Nous avons apprécié de noter dernièrement que julidochromis regani regani qui a disparu de la plage rocheuse de Gatuma (un biotope très fragile puisque son rivage, où l'eau n'avait que deux mètres de profondeur, est à sec depuis quelques années maintenant) est toujours présent dans une zone rocheuse au large. De la même manière, le Cobra du lac (Boulengerina annulata) a disparu des côtes du Burundi après que la route côtière a été pavée en 1978 mais est toujours bien présent dans le sud.
Durant le congrès PAS, nous avons été félicités par les autorités burundaises pour notre contribution à la protection de la biodiversité des cichlidés dans le lac grâce à notre ferme piscicole démarrée il y a maintenant 40 ans. Ils ont également reconnu que, écologiquement parlant, nous avons avons toujours mené nos opérations de collecte de façon sécurisée afin de ne pas endommager le biotope, que ce soit en quantité comme en qualité. Étant en contact avec le personnel de la nature au Burundi, nous les tenons informés de nos observations en plongée. Le gouvernement burundais voudrait également créer une Réserve Naturelle dans le lac. Nous aimerions leur proposer deux endroits le long de la côte rocheuse qui sont assez préservés de l'érosion. Un de ces deux lieux est Magara (à la borne kilométrique  40) qui est le meilleur endroit pour les Cyphotilapia. L'autre zone est située à 35 km au sud de Bujumbura. N'étant pas trop proches de la route, ces deux milieux sont protégés de l'érosion. À Magara, il y a un léger courant qui peut aider à nettoyer d'éventuelles boues. Cette partie du rivage, comprise entre les bornes 33 et 40, est très intéressante pour la biodiversité parce que ce sont les seuls endroits au Burundi où l'on peut observer des Synodontis granulosus et des Chalinochromis brichardi.

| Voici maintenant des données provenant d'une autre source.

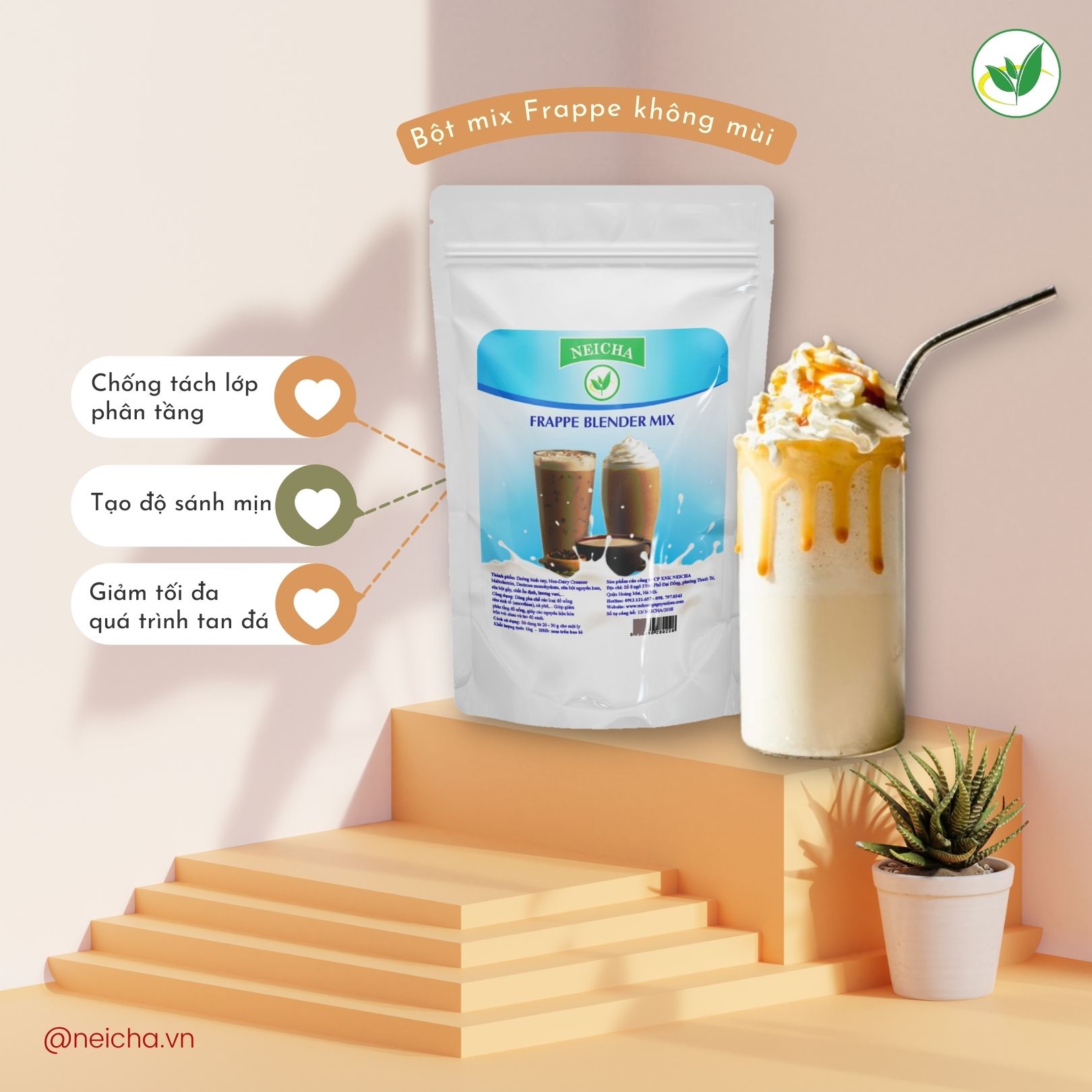 Bạn có từng thắc mắc: tại sao những cốc đồ uống đá xay hay take-away rất ít khi bị tan đá nhanh không? Một nguyên liệu “bí ẩn” sẽ được Neicha bật mí ngay: bột mix, không những giúp đồ uống hạn chế tối đa thời gian tan đá mà còn tạo nên độ sánh mịn tuyệt vời. Neicha có 2 loại bột mix (bột frappe) siêu cháy hàng, rất được các chủ kinh doanh đồ uống ưa chuộng và là một trong những sản phẩm best seller của công ty chúng tôi, tham khảo ngay bên dưới nhé.
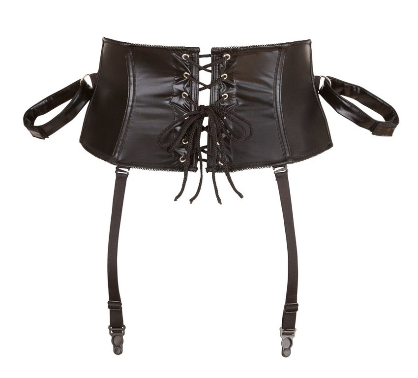 Bondagen ystävän ehdoton hankinta. Avokuppinen, tukeva korsetti muotoilevilla luilla. Edessä vetoketju ja nyöritys, takana vielä toinen nyöritys, joten istuvuus on taattu. Mukana myös kaksi käsikahletta, joissa kätevä tarrakiinnitys ja silmäside. Irrotettavat sukkanauhat. Materiaali 92% polyesteri, 8% elastaani.
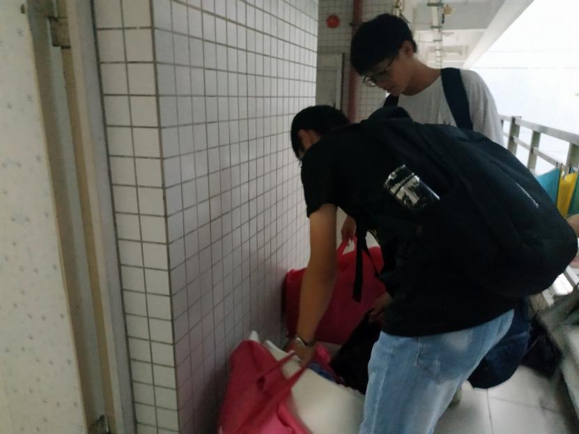 在搬迁宿舍的过程中,学生党员们都手提打包小件的,即使满汗淋漓也继续马不停蹄,天气在学生党员不断赶路的过程中瞬息万变,乌云密布。等到党员们以及需要搬迁宿舍学生到达2栋所安排宿舍时,倾盆大雨。于是,学生党员便一起为搬迁的学生一起打扫卫生。

Il y a aussi des privés qui s'investissent dans la conservation et la maintenance de la biodiversité locale. On en connait un qui a acheté un terrain dans le Delta de la Rusizi, il y a replanté un tas de plantes et d'arbres, a réintroduit quelques reptiles et de petits mammifères qui sont endémiques de cette région. Les gouvernements autour du lac essayent de contrôler la pollution, la déforestation et la surpêche mais cette tâche est énorme et le temps est compté. Bien entendu, le manque de moyens financiers et la pression démographique rendent le travail encore plus difficile. Ces efforts sont un réconfort pour nous car tout comme vous, nous en sommes certains, nous sommes très tristes de la situation catastrophique actuelle du Lac Tanganyika que nous aimons tant pour sa beauté et sa biodiversité merveilleuse.